Follow-up: What happens if the subscriber is down for a day?It catches up automatically via replication slots, which prevent the publisher from recycling unconsumed WAL. The danger: a long-disconnected subscriber causes unbounded WAL retention on the publisher. Monitor pg_replication_slots for active = false and set max_slot_wal_keep_size to cap retention.
Strong Answer:
  • Check pg_stat_replication on the primary and compare the four LSN values to identify the bottleneck stage:
  • sent_lsn >> write_lsn: Network bottleneck. Fix: faster link, enable wal_compression (30-50% WAL reduction), or co-locate replica.
  • write_lsn >> flush_lsn: Replica disk cannot keep up with fsync. Fix: faster storage (NVMe).
  • flush_lsn >> replay_lsn: Replica CPU cannot apply WAL fast enough. Common when primary generates WAL from many parallel backends but replay is single-threaded. Fix: reduce indexes on replica, or leverage PG 15+ parallel recovery improvements.
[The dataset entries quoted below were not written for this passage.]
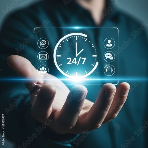 Man interacting with a futuristic holographic display showing a 24 7 clock and icons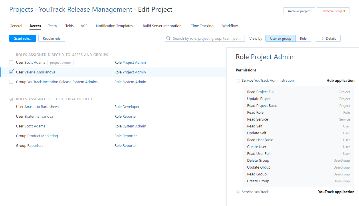 On the Access tab of the Edit Project page, you can see which roles are granted to users and groups in the project. This includes roles that are assigned to members of the project team as well as roles that are assigned to other users and groups directly. Use this information to determine how specific users are granted access to the project and view which actions they have permission to perform.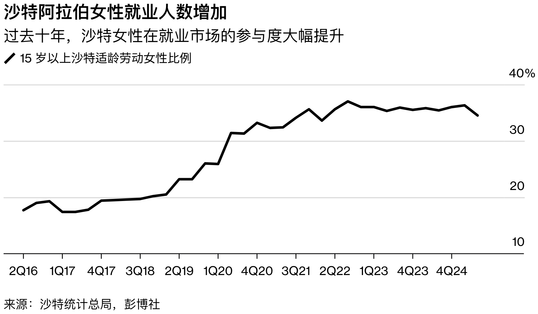 与此同时,沙特女性在职场上的状况发生了巨大变化。过去七年间,沙特王国宣布了一系列改革,允许女性在无需男性同意的情况下创办企业并独立出行,如今许多女性管理私募股权基金、进行股票交易并在工厂工作。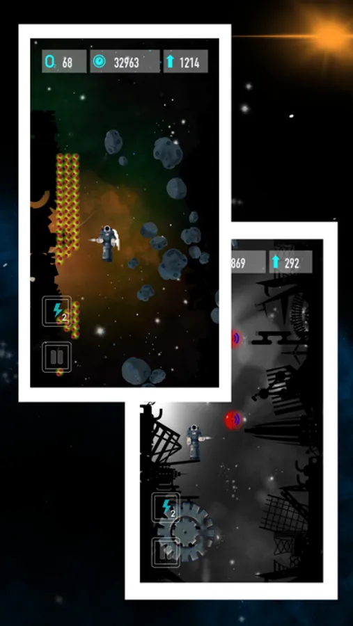 you've been jettisoned out of an air lock, putting you on your way to clean up the planet. Purchase upgrades or earn enough units of oxygen to upgrade your mode of movement.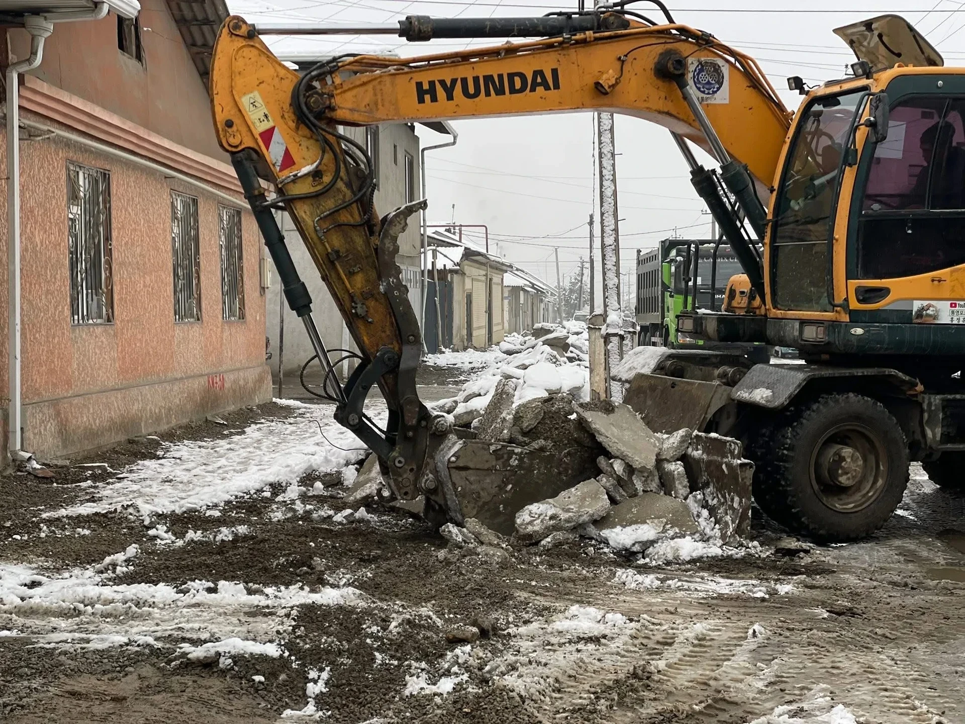 В городе Ош продолжаются работы по расширению улиц Санкт-Петербург и Абдувалиева, в ходе которых осуществляется очистка строительных отходов.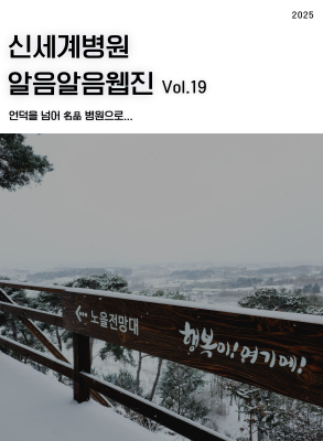 MENU 신세계효병원 이사장 인사말 병원연혁 미션 & 비젼 HI 병원시설안내 의료진소개 진료안내 진료시간 & 오시는길 입ㆍ퇴원안내 비급여 품목 수수료 원내 전화번호 병동안내 중증 발달장애 나누리발달센터장 인사말 나누리발달센터 이용 행동평가 치료프로그램 나누리학교 정신건강 노인요양 질향상 환자안전 감염관리 커뮤니티 병원소식 갤러리 소식지 자원봉사 채용소식 알음알음후원회 MENU 홈 커뮤니티 소식지 소식지 2026 알음알음 20호 2025 알음알음 19호 2024 알음알음 18호 2023 알음알음 17호 2022 알음알음 16호 2021 알음알음 15호 2021 알음알음 14호 2021 알음알음 13호 그루터기소 식 지 인스타그램 유튜브 블로그 대표전화 오시는길

  • Bonus: Long-running queries on replica holding back replay due to high max_standby_streaming_delay. Fix: lower the delay (accept query cancellation) or route analytics to a dedicated replica.
Follow-up: Can you achieve zero lag while allowing reads on the replica?Yes. synchronous_commit = remote_apply ensures the standby has fully replayed WAL before the primary acknowledges the commit. Reads on the standby are always consistent with committed primary data. The cost is increased commit latency on the primary.